Курортная обстановка успокаивает. В столовой высокие потолки, массивные люстры, искусственные цветы в вазах. За двойными дверьми в холл видны камин и кожаные кресла. У меня включается второй план, и я начинаю сравнивать эти условия не с немецкими центрами первичного приема, а с чем-то, казалось бы, очень от нас далеким. Например, с Бирмой, где военная хунта годами ведет перманентную войну против национальных меньшинств и время от времени атакует лагеря беженцев. В полной насилия чужой реальности мой ум автоматически цеплялся за воспоминания о более спокойных местах — когда-то это была Украина и большая часть России. Ну до этого у нас все-таки не доходило! У нас хреново, но всё же дома было как-то нормальнее! Что это за дом такой, сегодня сказать трудно, хотя его фрагменты всегда под руками. В импровизированной душевой на бирманской границе у меня в нужный момент сразу всплыла фраза из Андруховича: «Ось по трубi повзе змiя!». Для москвича неплохо.
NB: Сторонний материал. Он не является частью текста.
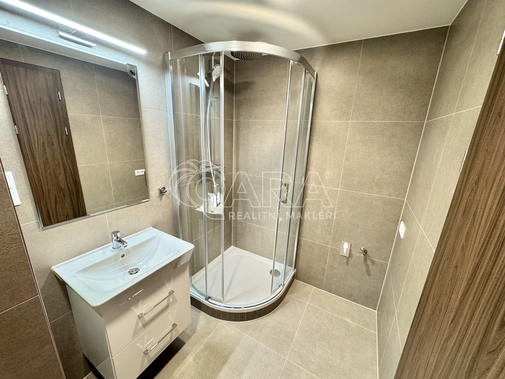 Nový byt o dispozici 1+kk se nachází ve 3. nadzemním podlaží moderního projektu Rezidence Tesla Hloubětín. Rezidence nabízí příjemné a klidné bydlení s výbornou dopravní dostupností i plnou občanskou vybaveností v okolí. Dispozici bytu tvoří vstupní chodba s vestavěnou skříní, hlavní obytná místnost s kuchyňským koutem a rekuperační jednotkou a dále koupelna se sprchovým koutem a toaletou. Kuchyňská linka je plně vybavena spotřebiči – k dispozici je myčka, mikrovlnná trouba, trouba, elektrická varná deska a digestoř. Lednice s mrazákem bude dodána. V koupelně je k dispozici pračka. Velkým benefitem bytu je prostorná lodžie orientovaná do vnitrobloku, která poskytuje příjemné soukromí. Byt se pronajímá jako nezařízený. V případě zájmu je možné dovybavení dle dohody. Součástí pronájmu je také sklepní kóje. Byt je k dispozici ihned. Měsíční poplatky činí 2 467 Kč, elektřina bude převedena na nájemce. Kauce je stanovena ve výši 40 000 Kč. Provize realitní kanceláře činí 10 000 Kč.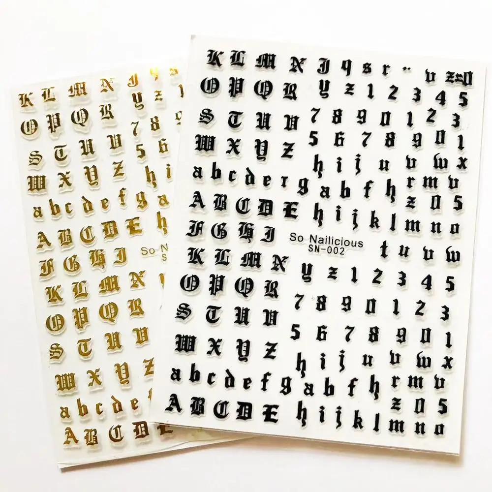 Sn 02 English Black Letter 8 10 3cm Series Designs Cool 3d Nail (US $1.79 |SN 02 english BLACK letter 8*10.3cm series DESIGNS COOL 3d nail art stickers decal template diy nail tool decorations-in Stickers & Decals ...)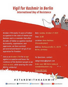 Berlin, Germany #StandWithKashmir vigil, October 27th, 2019.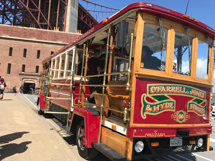 After 12-miles, I rushed home and ate lunch, showered, and got ready for a much-anticipated event…Viggy’s birthday party!!! Viggy rented out an entire trolley that took us all around SF for the afternoon. It even included an open bar. Needless to say, our friends have been so excited for this party trolley, which has been on my personal bucket list for a while now.

Кто-то спрашивает, не смогу ли я отогнать волонтерскую машину за дом, это возвращает меня к разговору. «Но как нас встречали в Грузии! — рассказывает Алина. — Волонтеры, кстати, почти все были русские из приехавших недавно. А грузины помогали деньгами, всё давали бесплатно, в магазинах, на рынке. Незнакомые женщины подходили на улице, обнимали, я плакала, и они тоже. При выезде русская пограничница говорит: что такое, как вы едете, у вас заднее стекло выбито, не могли машину привести в порядок? Я говорю: мы из Херсона. Она: ну и что, что из Херсона? — Там стреляют. — Стреляют? Да? — Хмыкнула, махнула рукой и пошла. Мы проехали, а там грузинская пограничница к нам по-русски: здравствуйте, подходите скорее, все сразу, я вижу, паспорта есть, проходите, проходите». «Один водитель был путинист, в такси, — вспоминает Сергей. — Всю дорогу объяснял, что русские правы. Но денег не взял. Взял сначала и все отдал обратно». «И подвозили бесплатно, — добавляет Алина, — и вещи дарили, было даже трудно все это принимать, признать, что мы бедные беженцы».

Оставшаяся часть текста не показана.